The International Monetary Fund has approved a $5 billion aid package for Ukraine aimed at helping the country "to cope with COVID-19 pandemic challenges," with an immediate release of $2.1 billion, the institution announced in a statement on Tuesday.

The new 18-month program is geared towards "providing balance of payments and budget support, while safeguarding achievements to date and advancing a small set of key structural reforms, to ensure that Ukraine is well-poised to return to growth when the crisis ends," the Fund said in a statement published on its website.

The program was agreed in principle on May 21 but has now received the green light from the body's board of directors.

The Washington-based institution said Ukraine's track record in stabilizing the economy over the last five years has been "strong."

"However, more reforms efforts are needed to ensure robust and inclusive growth," it added in the statement.

The COVID-19 outbreak has "significantly worsened" the country's outlook, it said, forcing authorities to focus primarily on virus containment measures.

"Uncertainty is large, and the economy is projected to contract sharply in 2020 as strict containment measures -- in Ukraine and globally -- led to sizable falls in domestic and external demand," the IMF warned.

The 2020 budget is "expected to be hit hard, with a sharp decline in revenues and large emergency spending needs to address the crisis," it continued.

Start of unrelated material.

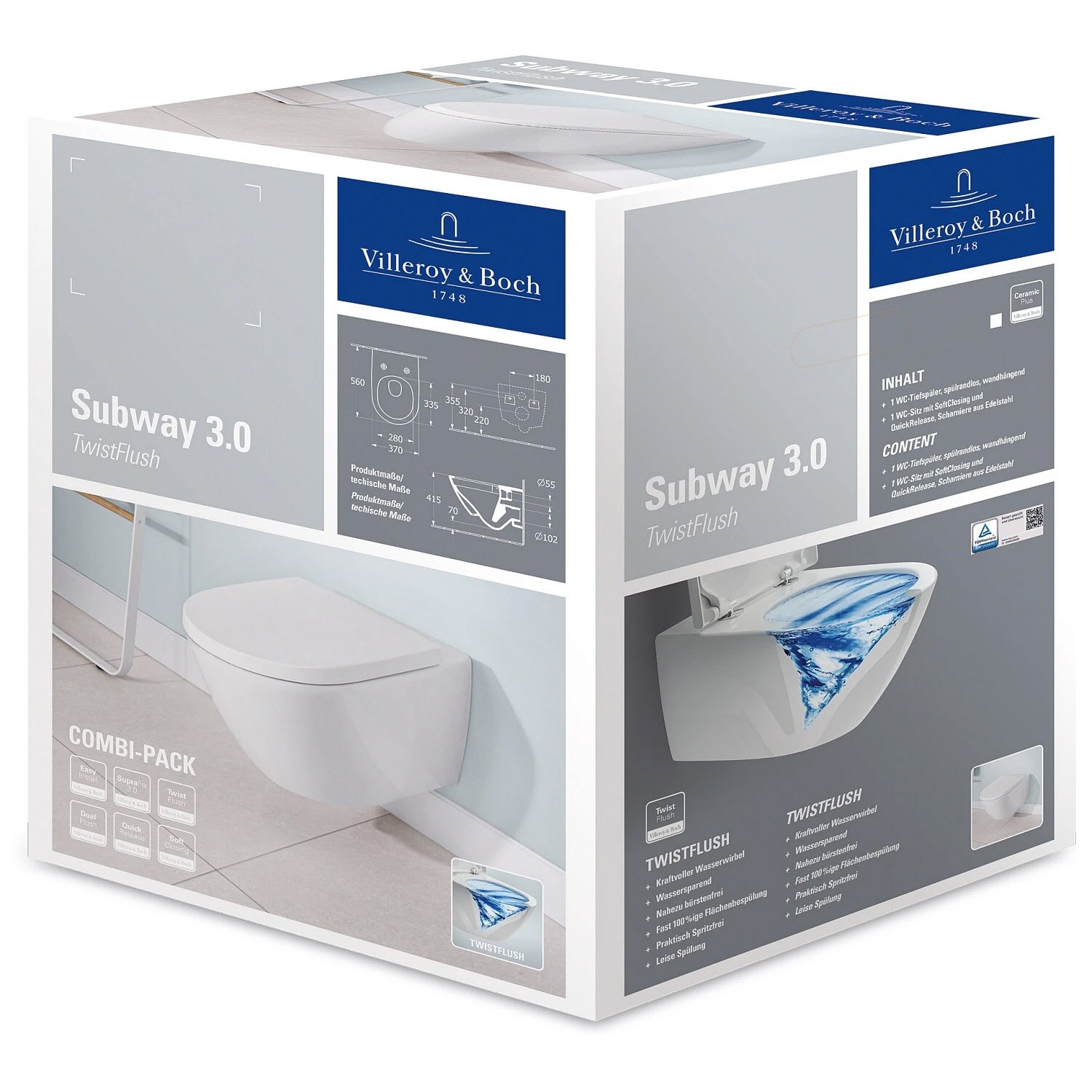 Das Komplett-Set besteht aus dem spülrandlosen WC und WC-Sitz der Bestseller-Kollektion Subway 3.0, dem Vorwandelement und der Betätigungsplatte ViConnect von Villeroy & Boch überzeugt mit seinem gewohnt zeitlosen Design und optimalem Spülergebnis. Denn die innovative Spültechnologie TwistFlush reinigt mit der physikalischen Kraft eines kontrolliert aufgebauten Wasserwirbels extrem hygienisch und sauber. Durch die Form des Innenbeckens, die keinerlei Ecken oder Kanten aufweist, wird die Schmutzanhaftung erschwert und die WC-Bürste nahezu überflüssig. So wird auch das Spülwasser viel effizienter genutzt, sodass 4,5 Liter für eine große und 3 Liter für eine kleine Spülung vollkommen ausreichen. Perfekt ergänzt wird das WC mit dem passenden ovalen WC-Sitz, der auch aus funktioneller Sicht punktet: Dank Absenkautomatik schließt der Deckel extrem leise und er ist für eine einfache und hygienische Reinigung schnell abnehmbar.

A passenger (R) gets a temperature check at the railway station in Kiev, on June 1, 2020 during the coronavirus pandemic
A passenger (R) gets a temperature check at the railway station in Kiev, on June 1, 2020 during the coronavirus pandemic AFP / GENYA SAVILOV

The agreement was reached under what the Fund calls a Stand-By Arrangement (SBA), the technical term for one of the financing instruments most commonly used by the Fund, usually in exchange for a reform program.

It succeeds the previous 14-month $3.9 billion program approved in December 2018 to maintain stability during the election year, the Fund said.

At the end of March, the Ukrainian parliament lifted a long-standing ban on the sale of farmland, a crucial and controversial piece of legislation needed to unlock support from the IMF.

In May, Kiev also adopted a law targeting owners of banks that go bankrupt, preventing them from regaining their assets.

Under the previous plan, Ukraine, one of the poorest countries in Europe, received a single payment of $1.4 billion due to insufficient reforms and corruption.

Separately Tuesday the IMF approved $363.6 million in emergency aid for Papua New Guinea, for use in its fight against the coronavirus pandemic.

The support "provides resources to the authorities to maintain macroeconomic stability with the aim of assisting the private sector adversely affected by COVID-19," the IMF said.

The Fund said it welcomed measures the country had taken to support businesses, workers and households.

However due to export losses and the cost of measures put in place to mitigate spread of the virus, Papua New Guinea is expected to be in recession this year.